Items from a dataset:
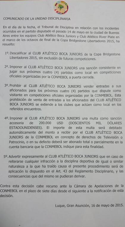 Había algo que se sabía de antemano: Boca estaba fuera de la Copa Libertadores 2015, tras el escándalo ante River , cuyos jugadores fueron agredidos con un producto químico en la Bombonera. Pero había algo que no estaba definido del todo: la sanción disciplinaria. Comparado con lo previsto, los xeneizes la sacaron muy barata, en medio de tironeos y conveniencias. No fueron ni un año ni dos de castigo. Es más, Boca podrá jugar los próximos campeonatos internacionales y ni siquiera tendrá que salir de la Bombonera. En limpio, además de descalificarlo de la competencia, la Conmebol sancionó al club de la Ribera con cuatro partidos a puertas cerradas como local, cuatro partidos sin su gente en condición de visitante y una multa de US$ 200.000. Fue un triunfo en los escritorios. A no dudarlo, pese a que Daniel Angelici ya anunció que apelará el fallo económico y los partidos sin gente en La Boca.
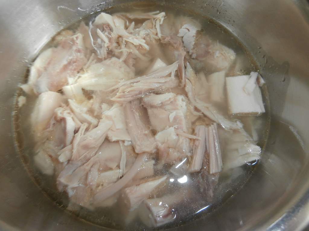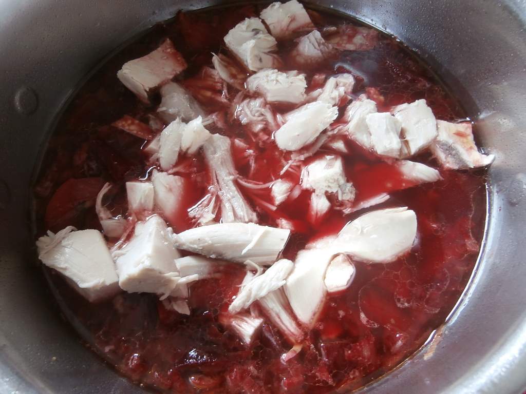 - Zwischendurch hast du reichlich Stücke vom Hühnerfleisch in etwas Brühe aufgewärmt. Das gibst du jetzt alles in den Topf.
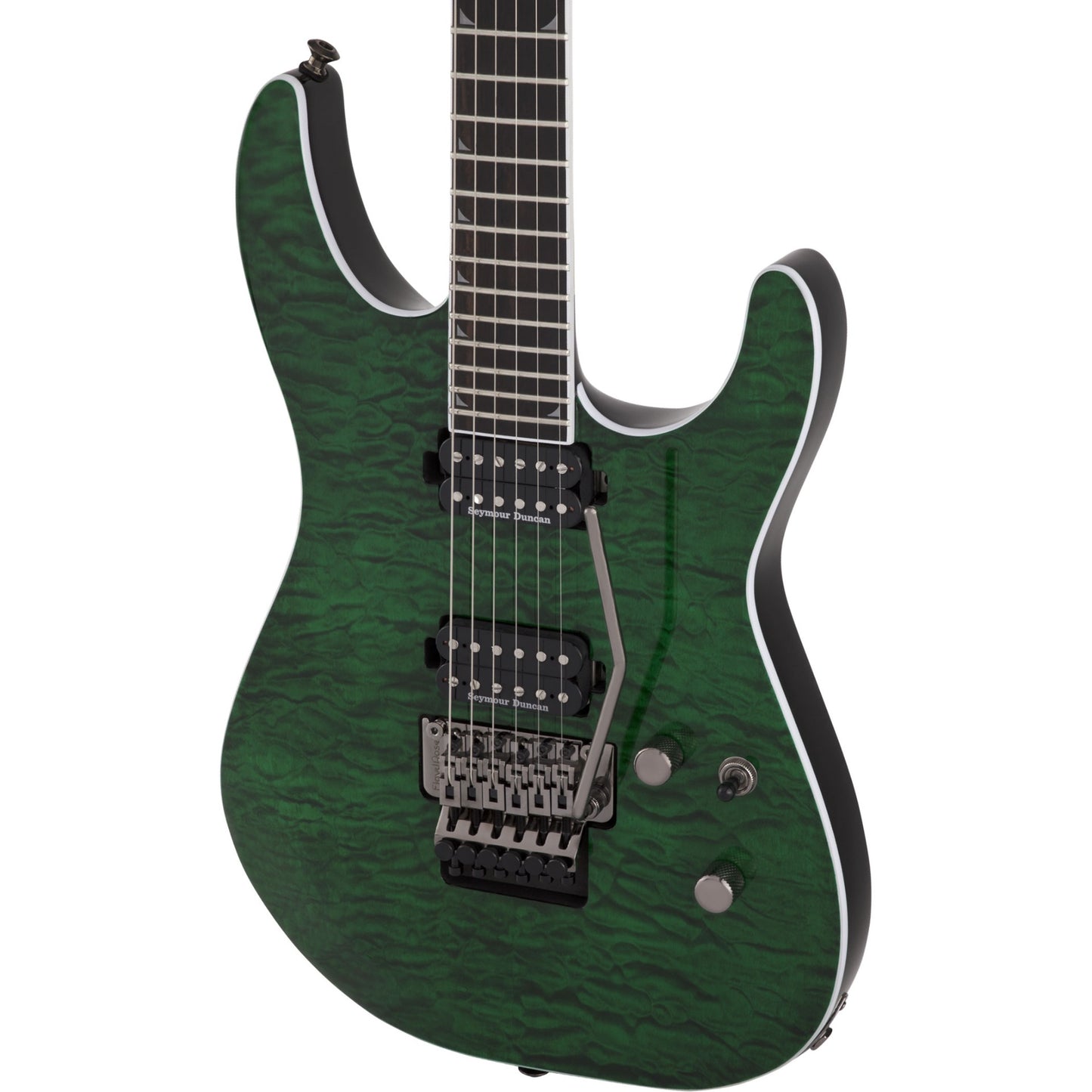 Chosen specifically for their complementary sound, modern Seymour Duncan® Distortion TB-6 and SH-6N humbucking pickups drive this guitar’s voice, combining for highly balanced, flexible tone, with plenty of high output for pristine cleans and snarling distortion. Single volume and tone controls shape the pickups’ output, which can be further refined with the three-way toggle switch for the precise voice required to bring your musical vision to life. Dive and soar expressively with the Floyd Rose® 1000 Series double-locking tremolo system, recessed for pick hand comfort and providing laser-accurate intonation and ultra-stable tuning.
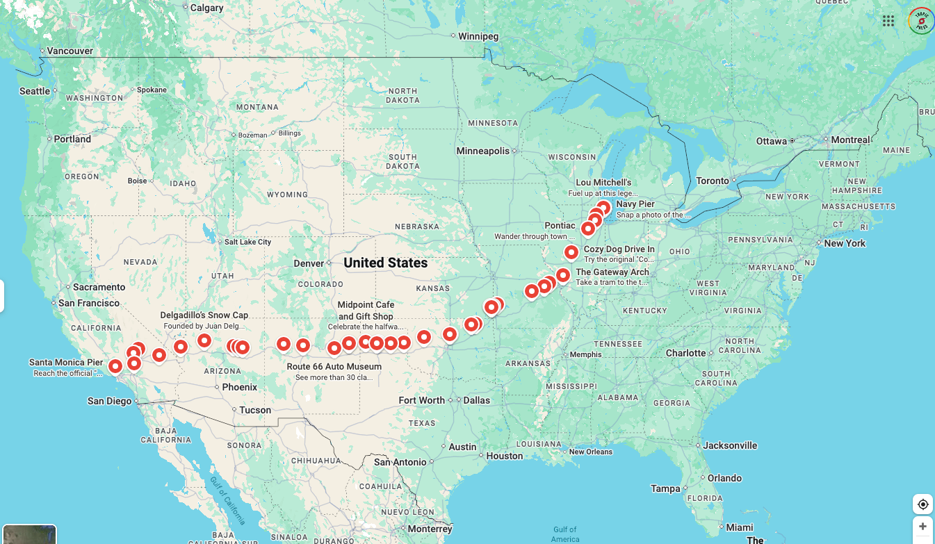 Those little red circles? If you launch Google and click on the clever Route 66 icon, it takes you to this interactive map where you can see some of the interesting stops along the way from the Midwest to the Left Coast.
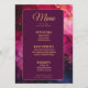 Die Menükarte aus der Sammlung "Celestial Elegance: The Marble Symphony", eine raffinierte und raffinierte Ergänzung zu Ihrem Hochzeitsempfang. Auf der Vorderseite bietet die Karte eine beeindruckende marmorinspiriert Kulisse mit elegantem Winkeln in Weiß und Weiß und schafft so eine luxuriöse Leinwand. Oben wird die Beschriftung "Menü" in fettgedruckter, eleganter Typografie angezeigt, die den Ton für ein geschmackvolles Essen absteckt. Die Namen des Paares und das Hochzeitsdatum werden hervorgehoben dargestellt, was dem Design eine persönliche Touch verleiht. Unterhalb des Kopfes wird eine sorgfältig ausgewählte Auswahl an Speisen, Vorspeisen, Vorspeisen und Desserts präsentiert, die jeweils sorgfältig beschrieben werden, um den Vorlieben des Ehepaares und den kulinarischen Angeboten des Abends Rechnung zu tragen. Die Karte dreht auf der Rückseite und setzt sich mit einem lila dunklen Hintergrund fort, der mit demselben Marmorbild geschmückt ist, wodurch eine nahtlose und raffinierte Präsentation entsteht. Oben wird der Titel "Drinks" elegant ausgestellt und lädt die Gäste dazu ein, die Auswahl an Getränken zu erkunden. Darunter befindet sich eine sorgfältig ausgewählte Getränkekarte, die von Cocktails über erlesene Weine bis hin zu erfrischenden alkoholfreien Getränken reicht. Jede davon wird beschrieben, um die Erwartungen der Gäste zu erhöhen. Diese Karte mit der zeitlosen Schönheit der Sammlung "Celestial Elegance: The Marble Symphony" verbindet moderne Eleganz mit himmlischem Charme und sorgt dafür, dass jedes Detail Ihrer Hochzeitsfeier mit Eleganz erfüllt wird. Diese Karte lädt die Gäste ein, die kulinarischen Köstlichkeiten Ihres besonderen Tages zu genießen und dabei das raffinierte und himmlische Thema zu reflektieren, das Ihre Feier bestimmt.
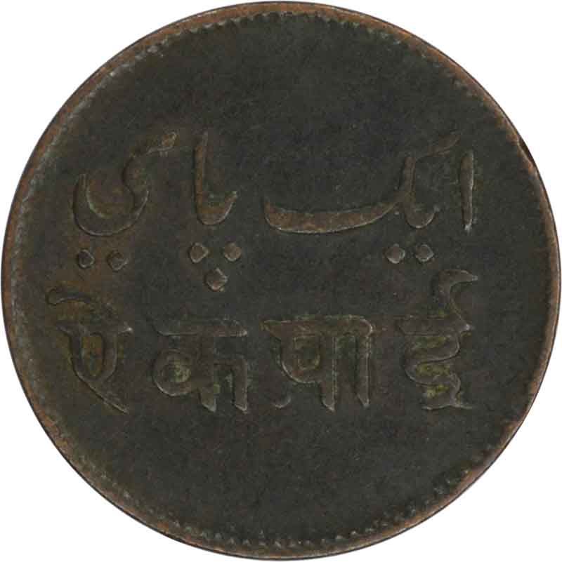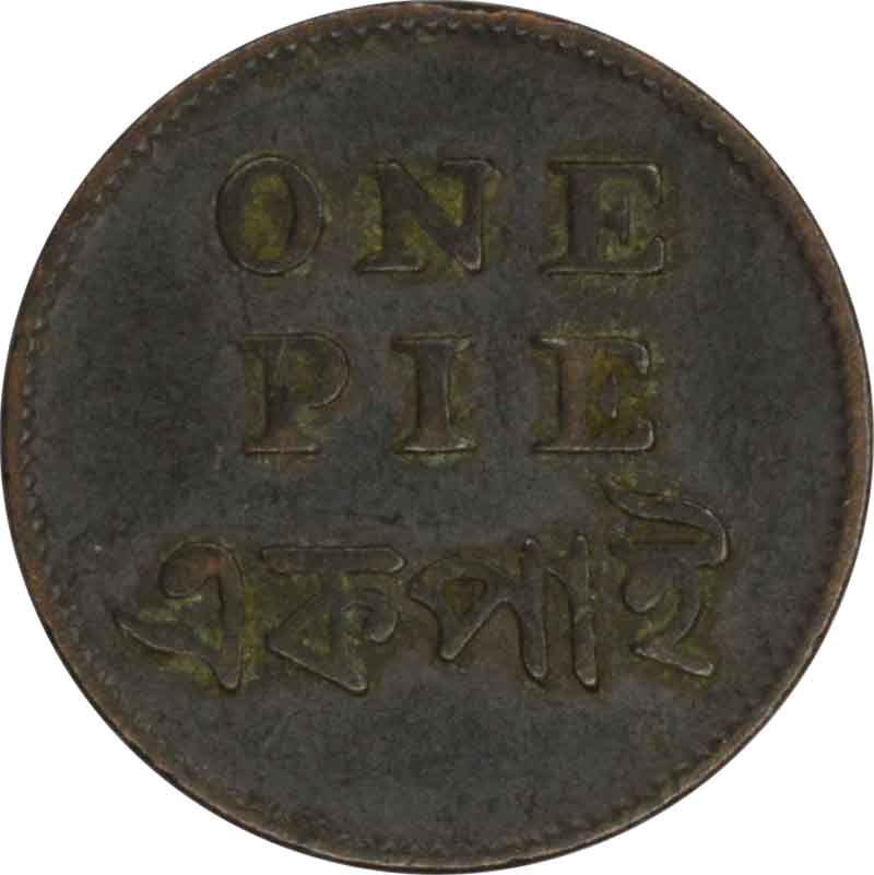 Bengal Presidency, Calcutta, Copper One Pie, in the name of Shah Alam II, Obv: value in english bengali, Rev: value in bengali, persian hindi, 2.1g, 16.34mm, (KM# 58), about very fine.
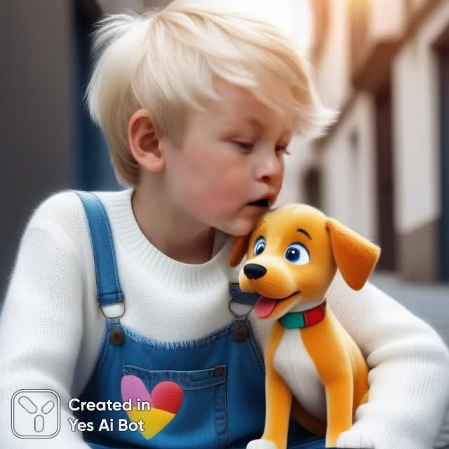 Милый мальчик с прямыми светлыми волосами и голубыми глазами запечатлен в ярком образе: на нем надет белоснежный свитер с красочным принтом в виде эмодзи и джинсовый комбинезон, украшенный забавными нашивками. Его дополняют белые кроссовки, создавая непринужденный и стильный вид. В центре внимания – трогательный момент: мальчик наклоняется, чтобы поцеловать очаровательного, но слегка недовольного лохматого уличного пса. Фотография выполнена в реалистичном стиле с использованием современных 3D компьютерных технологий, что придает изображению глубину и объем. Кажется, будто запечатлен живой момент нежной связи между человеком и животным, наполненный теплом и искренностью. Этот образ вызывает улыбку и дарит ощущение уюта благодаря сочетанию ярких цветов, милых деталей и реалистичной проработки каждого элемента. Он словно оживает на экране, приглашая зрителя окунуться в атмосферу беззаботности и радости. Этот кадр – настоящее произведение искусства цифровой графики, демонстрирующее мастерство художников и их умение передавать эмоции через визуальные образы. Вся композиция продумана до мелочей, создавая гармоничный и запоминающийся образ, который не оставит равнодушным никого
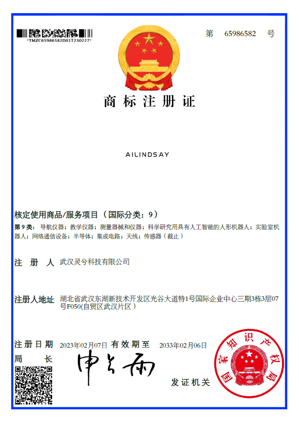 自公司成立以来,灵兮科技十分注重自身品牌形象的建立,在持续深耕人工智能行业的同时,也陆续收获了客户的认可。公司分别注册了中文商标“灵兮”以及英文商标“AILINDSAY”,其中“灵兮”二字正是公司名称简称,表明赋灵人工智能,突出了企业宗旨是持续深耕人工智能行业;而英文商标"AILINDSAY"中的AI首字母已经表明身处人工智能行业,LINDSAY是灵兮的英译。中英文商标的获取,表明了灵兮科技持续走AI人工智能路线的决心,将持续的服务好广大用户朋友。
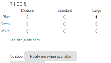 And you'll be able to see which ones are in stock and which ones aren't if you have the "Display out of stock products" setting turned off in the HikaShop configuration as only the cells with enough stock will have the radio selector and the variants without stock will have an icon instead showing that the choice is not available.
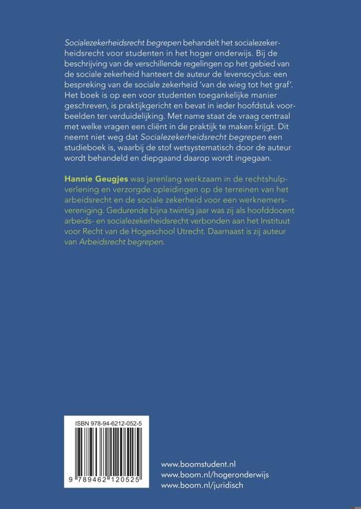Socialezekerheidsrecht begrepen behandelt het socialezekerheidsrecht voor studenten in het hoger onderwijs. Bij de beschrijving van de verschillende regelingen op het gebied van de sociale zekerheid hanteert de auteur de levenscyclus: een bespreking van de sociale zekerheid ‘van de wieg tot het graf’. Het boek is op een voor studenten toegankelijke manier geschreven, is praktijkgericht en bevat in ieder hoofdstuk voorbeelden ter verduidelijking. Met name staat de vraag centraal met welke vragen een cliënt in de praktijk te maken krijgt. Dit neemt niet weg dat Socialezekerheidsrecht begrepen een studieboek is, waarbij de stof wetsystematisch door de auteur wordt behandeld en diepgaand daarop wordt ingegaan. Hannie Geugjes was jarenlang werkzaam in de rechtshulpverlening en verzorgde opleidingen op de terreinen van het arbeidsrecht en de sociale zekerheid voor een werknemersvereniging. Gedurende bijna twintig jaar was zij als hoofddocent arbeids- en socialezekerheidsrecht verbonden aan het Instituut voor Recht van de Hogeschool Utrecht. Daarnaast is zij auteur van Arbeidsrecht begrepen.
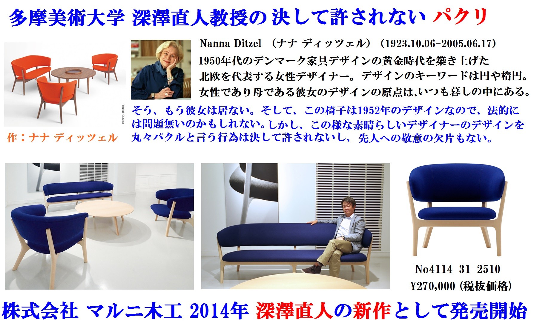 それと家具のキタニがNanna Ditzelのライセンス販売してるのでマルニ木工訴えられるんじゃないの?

### Exercise goal
Nothing but the lines from the one with "Bengal Presidency, Calcutta, Copper" up to and including the one with "And you'll be" should be printed, exactly as they read above. Please keep the pictures out.

### Reply to the exercise
 Bengal Presidency, Calcutta, Copper One Pie, in the name of Shah Alam II, Obv: value in english bengali, Rev: value in bengali, persian hindi, 2.1g, 16.34mm, (KM# 58), about very fine.
 Милый мальчик с прямыми светлыми волосами и голубыми глазами запечатлен в ярком образе: на нем надет белоснежный свитер с красочным принтом в виде эмодзи и джинсовый комбинезон, украшенный забавными нашивками. Его дополняют белые кроссовки, создавая непринужденный и стильный вид. В центре внимания – трогательный момент: мальчик наклоняется, чтобы поцеловать очаровательного, но слегка недовольного лохматого уличного пса. Фотография выполнена в реалистичном стиле с использованием современных 3D компьютерных технологий, что придает изображению глубину и объем. Кажется, будто запечатлен живой момент нежной связи между человеком и животным, наполненный теплом и искренностью. Этот образ вызывает улыбку и дарит ощущение уюта благодаря сочетанию ярких цветов, милых деталей и реалистичной проработки каждого элемента. Он словно оживает на экране, приглашая зрителя окунуться в атмосферу беззаботности и радости. Этот кадр – настоящее произведение искусства цифровой графики, демонстрирующее мастерство художников и их умение передавать эмоции через визуальные образы. Вся композиция продумана до мелочей, создавая гармоничный и запоминающийся образ, который не оставит равнодушным никого
 自公司成立以来,灵兮科技十分注重自身品牌形象的建立,在持续深耕人工智能行业的同时,也陆续收获了客户的认可。公司分别注册了中文商标“灵兮”以及英文商标“AILINDSAY”,其中“灵兮”二字正是公司名称简称,表明赋灵人工智能,突出了企业宗旨是持续深耕人工智能行业;而英文商标"AILINDSAY"中的AI首字母已经表明身处人工智能行业,LINDSAY是灵兮的英译。中英文商标的获取,表明了灵兮科技持续走AI人工智能路线的决心,将持续的服务好广大用户朋友。
 And you'll be able to see which ones are in stock and which ones aren't if you have the "Display out of stock products" setting turned off in the HikaShop configuration as only the cells with enough stock will have the radio selector and the variants without stock will have an icon instead showing that the choice is not available.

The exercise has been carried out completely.